**Source records**
--
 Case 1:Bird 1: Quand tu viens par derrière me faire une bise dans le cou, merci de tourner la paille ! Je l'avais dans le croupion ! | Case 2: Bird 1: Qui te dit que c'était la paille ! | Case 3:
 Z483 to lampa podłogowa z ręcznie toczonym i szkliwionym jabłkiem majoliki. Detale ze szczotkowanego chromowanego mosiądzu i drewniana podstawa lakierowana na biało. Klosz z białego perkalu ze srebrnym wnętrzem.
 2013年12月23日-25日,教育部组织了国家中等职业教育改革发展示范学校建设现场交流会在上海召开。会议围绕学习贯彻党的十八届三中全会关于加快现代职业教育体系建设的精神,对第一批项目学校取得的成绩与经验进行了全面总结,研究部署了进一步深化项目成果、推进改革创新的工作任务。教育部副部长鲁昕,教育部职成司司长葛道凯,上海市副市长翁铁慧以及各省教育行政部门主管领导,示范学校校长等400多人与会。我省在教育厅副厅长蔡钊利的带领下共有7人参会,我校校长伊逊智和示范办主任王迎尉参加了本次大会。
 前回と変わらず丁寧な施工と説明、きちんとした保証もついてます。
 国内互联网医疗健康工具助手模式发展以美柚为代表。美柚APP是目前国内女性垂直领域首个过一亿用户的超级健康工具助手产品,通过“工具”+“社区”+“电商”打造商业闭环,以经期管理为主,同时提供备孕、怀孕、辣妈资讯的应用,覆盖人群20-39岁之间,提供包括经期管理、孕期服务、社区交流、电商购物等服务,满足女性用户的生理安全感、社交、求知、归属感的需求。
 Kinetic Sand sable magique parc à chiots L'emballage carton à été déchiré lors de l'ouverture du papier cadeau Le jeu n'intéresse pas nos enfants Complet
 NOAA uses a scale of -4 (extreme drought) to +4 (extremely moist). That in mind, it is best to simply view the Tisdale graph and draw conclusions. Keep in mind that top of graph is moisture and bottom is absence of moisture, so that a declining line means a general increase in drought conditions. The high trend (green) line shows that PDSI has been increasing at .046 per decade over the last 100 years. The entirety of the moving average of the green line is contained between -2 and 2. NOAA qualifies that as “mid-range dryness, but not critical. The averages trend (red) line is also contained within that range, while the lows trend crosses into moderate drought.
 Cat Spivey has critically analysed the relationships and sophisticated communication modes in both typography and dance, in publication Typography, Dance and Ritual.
--
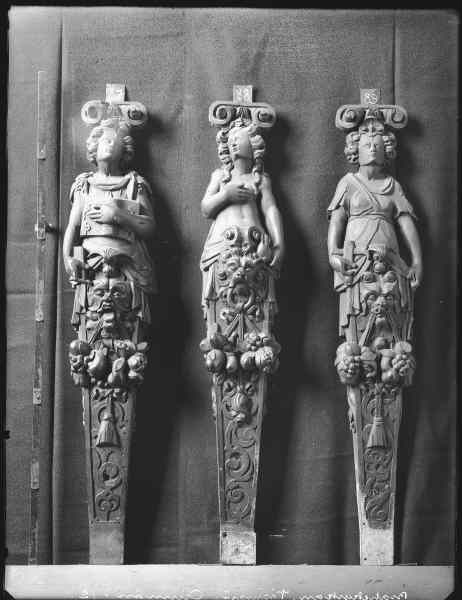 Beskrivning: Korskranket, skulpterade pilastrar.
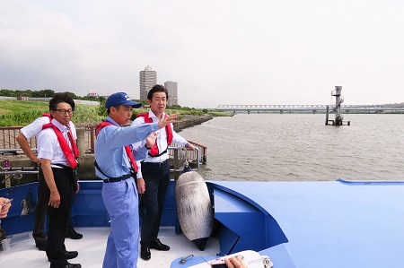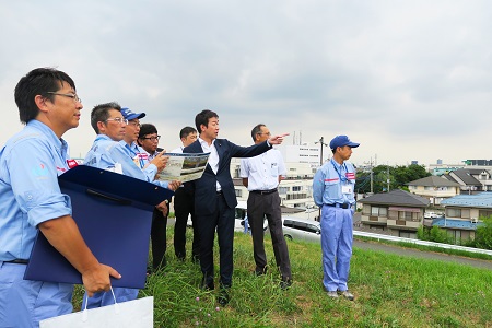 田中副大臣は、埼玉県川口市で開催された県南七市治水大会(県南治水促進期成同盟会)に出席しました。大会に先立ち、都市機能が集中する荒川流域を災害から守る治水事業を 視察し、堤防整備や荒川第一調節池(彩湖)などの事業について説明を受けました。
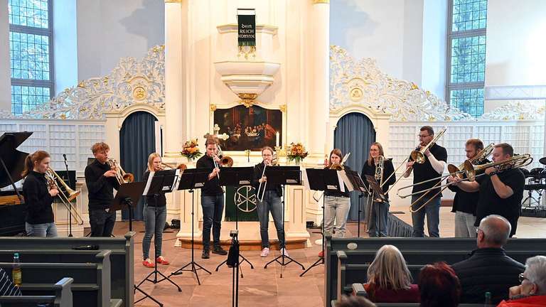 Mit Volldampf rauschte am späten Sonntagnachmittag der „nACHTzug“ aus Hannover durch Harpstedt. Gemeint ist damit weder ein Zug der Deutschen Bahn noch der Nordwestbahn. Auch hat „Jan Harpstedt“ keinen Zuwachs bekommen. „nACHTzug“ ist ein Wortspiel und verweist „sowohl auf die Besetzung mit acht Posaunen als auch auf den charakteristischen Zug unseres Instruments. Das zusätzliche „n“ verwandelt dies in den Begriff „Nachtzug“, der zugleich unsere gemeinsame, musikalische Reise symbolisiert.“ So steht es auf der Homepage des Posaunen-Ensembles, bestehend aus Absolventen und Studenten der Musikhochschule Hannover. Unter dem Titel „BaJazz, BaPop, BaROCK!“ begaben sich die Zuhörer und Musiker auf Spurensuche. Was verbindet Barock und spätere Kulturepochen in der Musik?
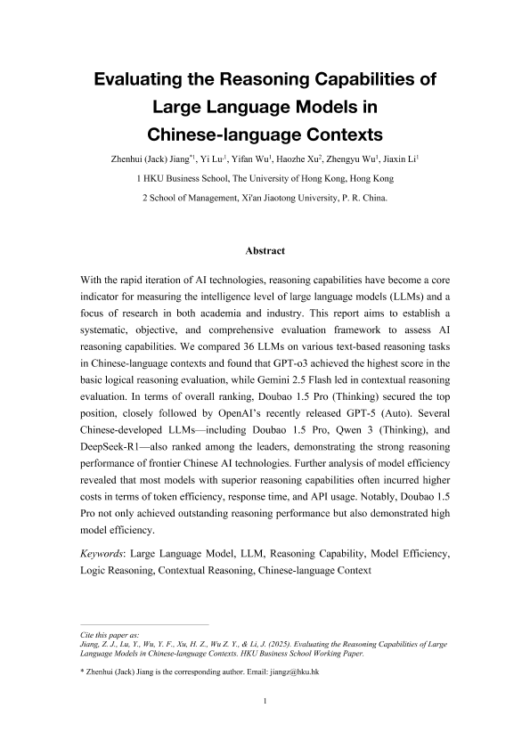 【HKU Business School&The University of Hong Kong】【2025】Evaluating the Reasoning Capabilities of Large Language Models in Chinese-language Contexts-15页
--
Using the listing above, copy exactly the line that contains "Case 1:Bird 1: Quand", the line that contains "Z483 to lampa", and each line that falls between them.

**Output of the task**
 Case 1:Bird 1: Quand tu viens par derrière me faire une bise dans le cou, merci de tourner la paille ! Je l'avais dans le croupion ! | Case 2: Bird 1: Qui te dit que c'était la paille ! | Case 3:
 Z483 to lampa podłogowa z ręcznie toczonym i szkliwionym jabłkiem majoliki. Detale ze szczotkowanego chromowanego mosiądzu i drewniana podstawa lakierowana na biało. Klosz z białego perkalu ze srebrnym wnętrzem.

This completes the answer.